If you’re worried about the safety of your parent or older loved one living alone, here are some questions to consider:
Does your parent need assistance with everyday tasks? Is someone available to help them throughout the day?
Is your parent still mobile? Can they get out of bed, stand up from a seated position, climb the stairs, and get in and out of the shower without the danger of slipping or falling?
Is your parent experiencing social isolation? Do they spend time with friends, or participate in social activities on a regular basis?
Does your parent’s home have safety hazards such as loose carpeting, inadequate lighting, or excess clutter?
Is your parent becoming forgetful? Do they remember to pay bills on time or go to appointments?
Is your parent eating a healthy diet? Are they able to go to the grocery store and prepare meals?
We all want our parents and loved ones to remain safe and happy in their current living environment.

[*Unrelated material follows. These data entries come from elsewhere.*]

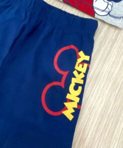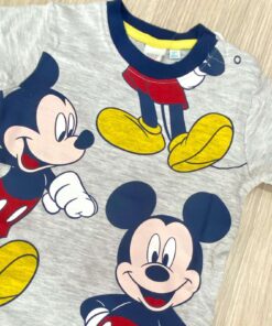 Pigiama corto bambino in cotone, di colore grigio e blu, con stampa Mickey Mouse.
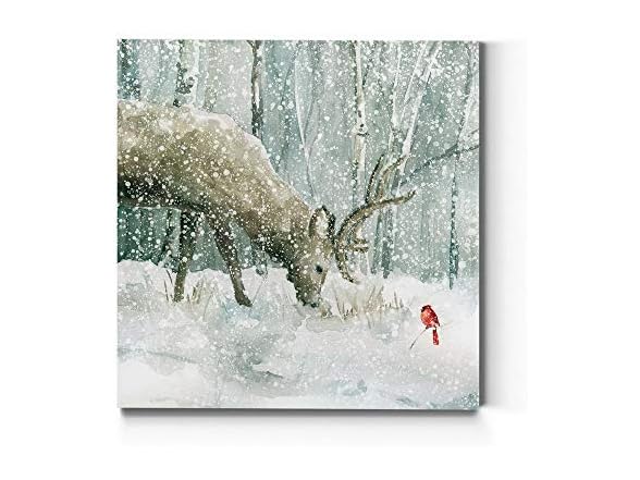 - (1) Renditions Gallery Reindeer and Cardinal Wall Art, Cute Christmas Artwork, Snowy Winter Forest, Scenic Nature, Premium Gallery Wrapped Canvas Decor, Ready to Hang, 24 in H x 24 in W, Made in America
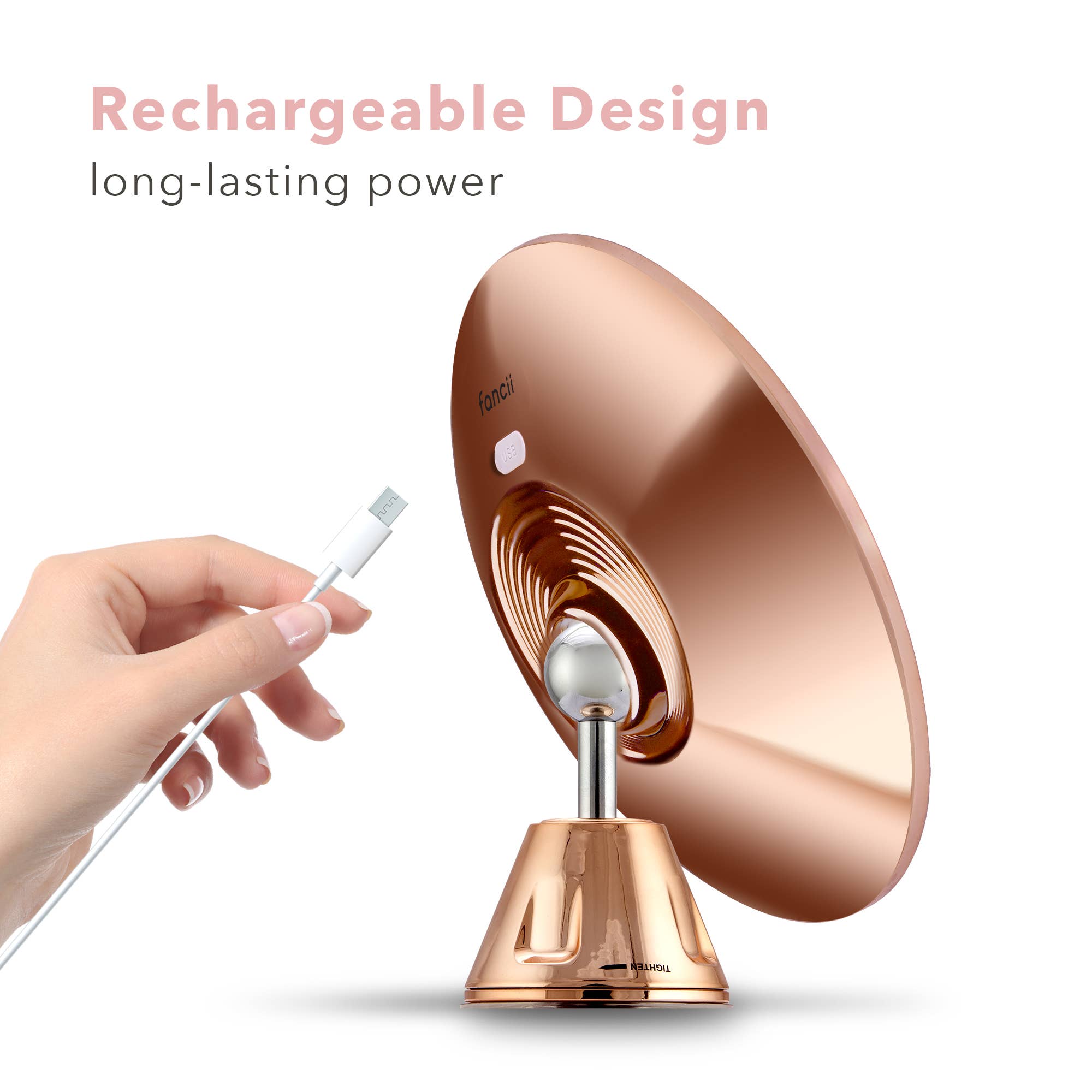 The most versatile mirror you’ll ever own. Lana’s premium 10x magnification shows every detail with crystal clarity, while 3 dimmable LED lights give you perfect, shadow-free lighting anytime. The powerful suction mount sticks to almost any surface, and the 360° swivel lets you find your best angle with ease. Rechargeable and eco-friendly, Lana is designed to look as good as it works—available in gorgeous rose gold or sleek chrome to elevate any space.

But if you’re concerned about your parent’s ability to live safely at home, it’s time to explore some alternatives to aging in place, such as assisted living.
In assisted living, older adults can maintain their sense of privacy and independence while receiving assistance with their everyday routine in a safe, home-like environment. Assisted living also gives seniors opportunities to socialize and enjoy the company of their peers. And with emergency alert systems and skilled nurses on-site 24 hours a day, older adults and their families can have greater peace of mind knowing that help is available any time of day or night. When it comes to socialization, safety, and quality of life, assisted living is often better for older adults than aging in place at home.